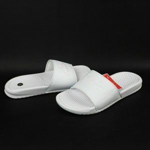 NIKE BENASSI JDI WOMEN SANDALS SLIDE 343881 115 ALL WHITE LEATHER OUTDOORS
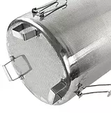 Заторна корзина під фірмовий перегінний куб 60 л. від Магнум СтіллЗа допомогою замків можна встановити сито на горловину куба, що полегшує процес зливу сусла Характеристики:Товщина металу 0,6 мм.Діаметр отворів 1 мм.Матеріал - харчова нержавіюча сталь марки AISI304Ножки висотою ≈ 80 мм. 3 шт. (не заважають встановленню нагрівачаЗамки 3 шт.Найбільший діаметр (по горловині) ≈ 360 мм.Загальна висота з ніжками ≈ 460 мм.Висота без ніжок ≈ 380 мм. Параметри з упаковкою (Д/В/Ш, вага)38/48/38 см., 3,5 кг.
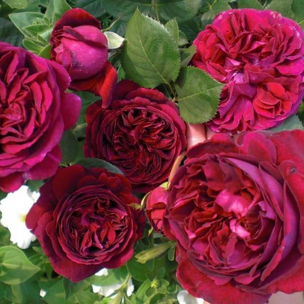 Фальстаф — один із найвражаючих темно-фукцієвих сортів, поєднує класичний старовинний аромат із сучасною витривалістю. Кущова, ідеальна для садів, бордюрів.
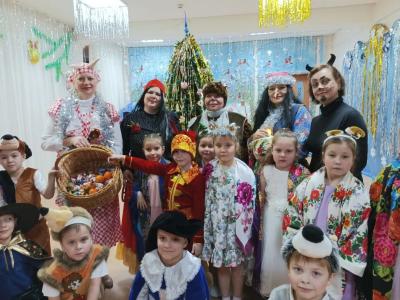 В нашем детском саду стало доброй традицией после новогодних праздников проводить Святочные колядки. Святки, или, как их еще называют Святые вечера – это зимний народный праздник, который начинается на Рождество и длится целых две недели, до самого Крещения. В Святочные вечера устраивались на Руси праздничные гуляния: по дворам ходили ряженые, пели величальные песни, в которых славили хозяев, желали им доброго здоровья, богатого урожая. Все с нетерпением ожидали прихода ряженых с их колядками. Люди верили, что к кому они зайдут – тот двор в Новом году удачлив будет, с достатком и прибылью. Вот и в нашем детском саду прошли Святочные колядки. В костюмах, с песнями и закличками ряженые ребята и взрослые прославляя Коляду, исполняли колядные песни, заклички, с пожеланиями богатства и счастья. Дети водили хороводы, играли в народные игры, устраивали веселые переплясы. Хозяева были щедры и угощали всех детей. Праздник произвел на детей незабываемые впечатления, он получился веселым и задорным. Участвуя в подобных мероприятиях, дошкольники приобщаются к народной культуре и традициям, а это является частью духовно – нравственного воспитания.
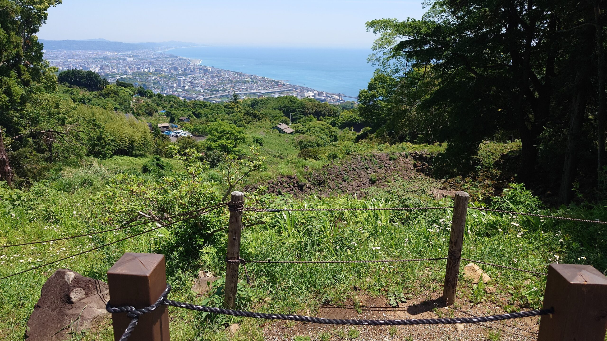 奥が石垣山。その東側(手前)は「ヨロイズカ」と駐車場と相模湾を見下ろせる休憩所 ❔
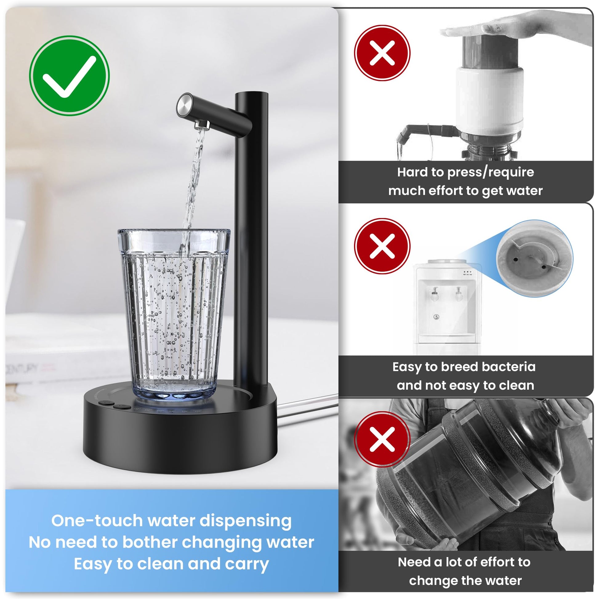 • More compatible: Desktop water dispenser, not only with the commonly used 1-5 gallon water bottles compatible but also with other standard size water bottles, countertop design, so you do not have to bend down to get water!
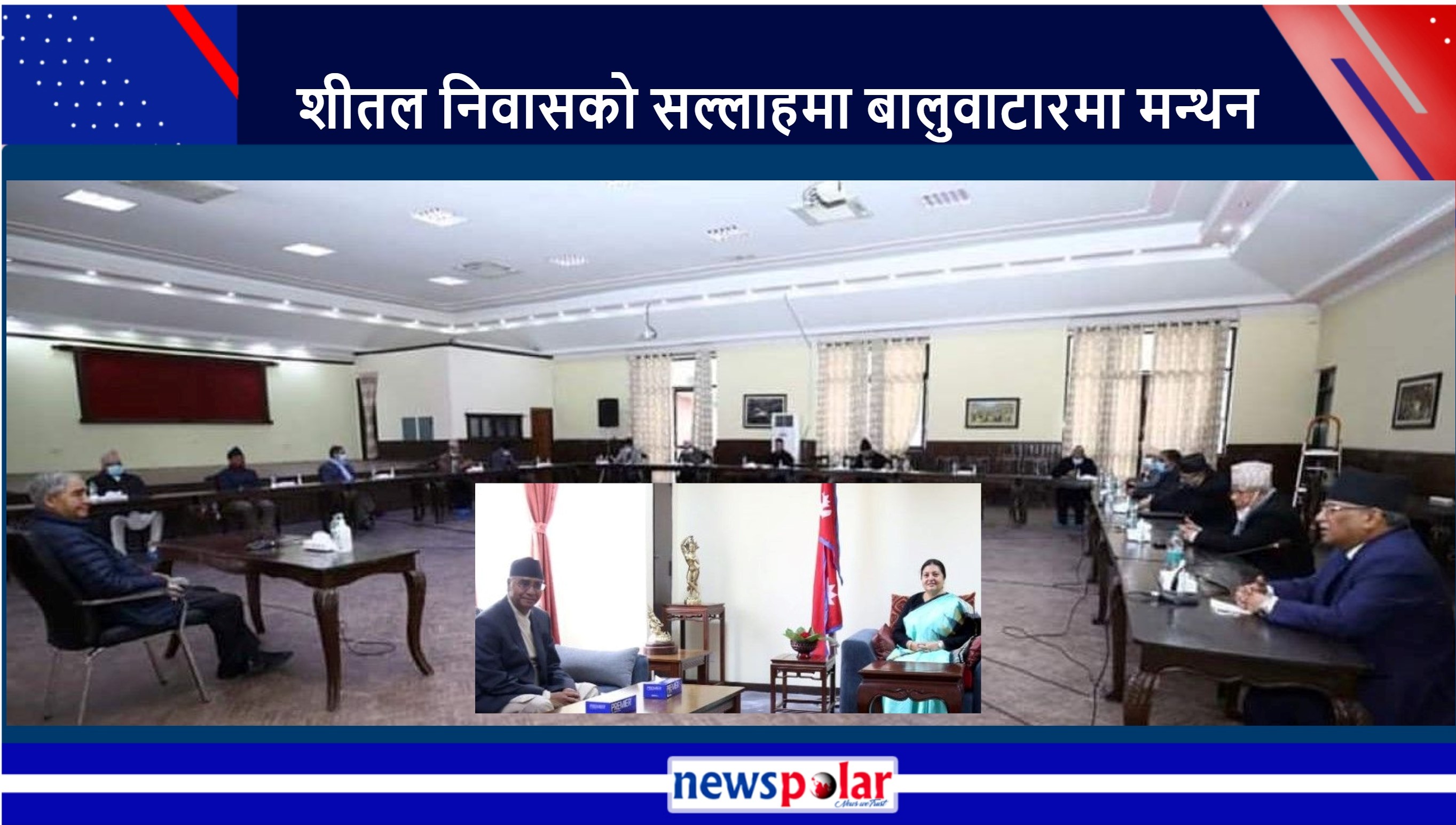काठमाडौँ । बिहीबार अपराह्न प्रधानमन्त्री शेरबहादुर देउवा राष्ट्रपति विद्यादेवी भण्डारीलाई भेट्न शीतल निवास पुग्नुभयो । समाचार आयो– राष्ट्रपति–प्रधानमन्त्री भेटवार्ता । भेट नियमित र समसामयिक विषयवस्तुहरु जस्तो कोभिडको अवस्था आदिमा केन्द्रित । राष्ट्रपति निवासको समाचार स्रोतले पनि यसै भन्यो– भेट औपचारिक तथा समसामयिक विषयमा कुराकानी ।
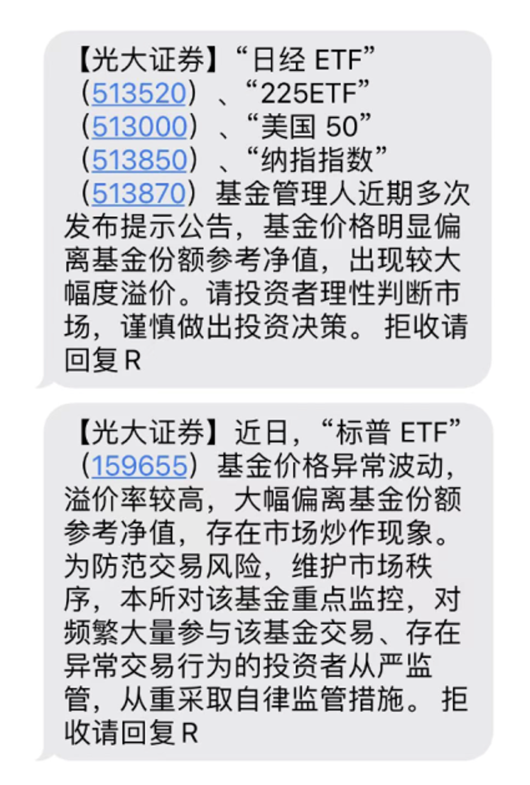 根据券商的风险提示,“日经ETF”“日经225ETF”“美国50ETF”“纳指指数”基金管理人近期多次发布提示公告,基金价格明显偏离基金份额参考净值,出现较大幅度溢价。光大证券提示投资者谨慎做出投资决策。
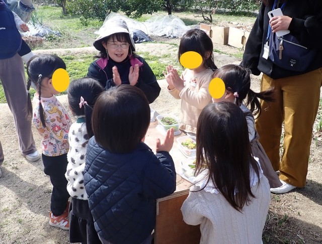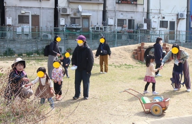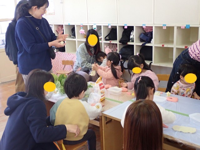 今日の遊びはお弁当づくり!小麦粉粘土で感触遊びをたっぷりした後、弁当箱にそれを詰め、お庭に持って行きました。お庭には春のお花や葉っぱ、オナモミなどがいっぱい!自然物をおかずにすると、かわいいお弁当ができました。
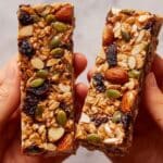 These chewy muesli bars are packed with wholesome ingredients like peanut butter, honey, oats, nuts, and seeds, delivering a naturally sweet and satisfying snack. With a delightful blend of textures and warm cinnamon flavor, they are perfect for breakfast on the go or a healthy treat any time of day.
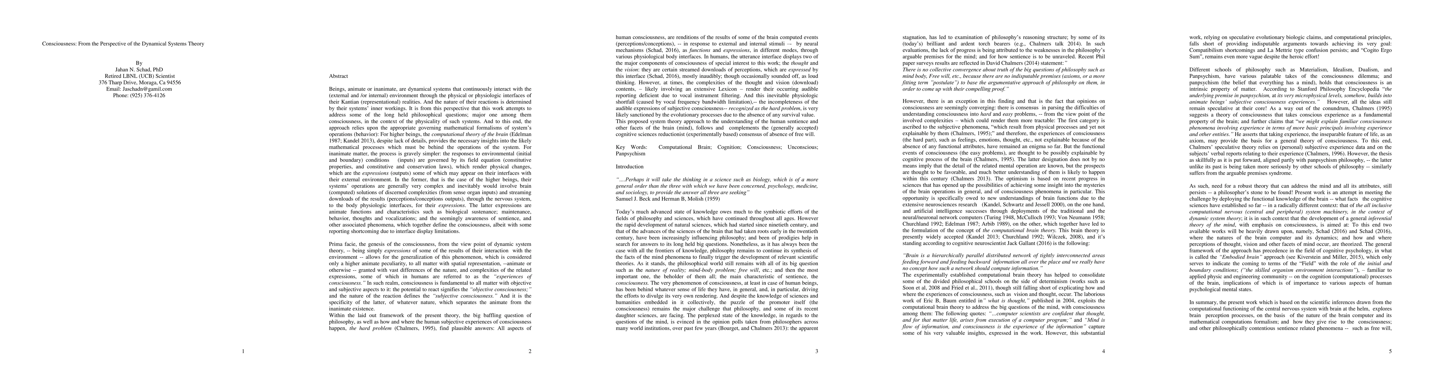 Beings, animate or inanimate, are dynamical systems which continuously interact with the (external and /or internal) environment through the physical or physiologic interfaces of their Kantian (representational) realities. And the nature of their interactions is determined by the inner workings of their systems. It is from this perspective that this work attempts to address some of the long-held philosophical questions, major one among them consciousness-- in the context of the physicality of the dynamic systems.

= = = = =

*Goal of the exercise:* Set down exactly and only the lines from the start of the entries above through the line containing "Фальстаф — один", both ends included, omitting the pictures.

*Solution for this exercise:*
 NIKE BENASSI JDI WOMEN SANDALS SLIDE 343881 115 ALL WHITE LEATHER OUTDOORS
 Заторна корзина під фірмовий перегінний куб 60 л. від Магнум СтіллЗа допомогою замків можна встановити сито на горловину куба, що полегшує процес зливу сусла Характеристики:Товщина металу 0,6 мм.Діаметр отворів 1 мм.Матеріал - харчова нержавіюча сталь марки AISI304Ножки висотою ≈ 80 мм. 3 шт. (не заважають встановленню нагрівачаЗамки 3 шт.Найбільший діаметр (по горловині) ≈ 360 мм.Загальна висота з ніжками ≈ 460 мм.Висота без ніжок ≈ 380 мм. Параметри з упаковкою (Д/В/Ш, вага)38/48/38 см., 3,5 кг.
 Фальстаф — один із найвражаючих темно-фукцієвих сортів, поєднує класичний старовинний аромат із сучасною витривалістю. Кущова, ідеальна для садів, бордюрів.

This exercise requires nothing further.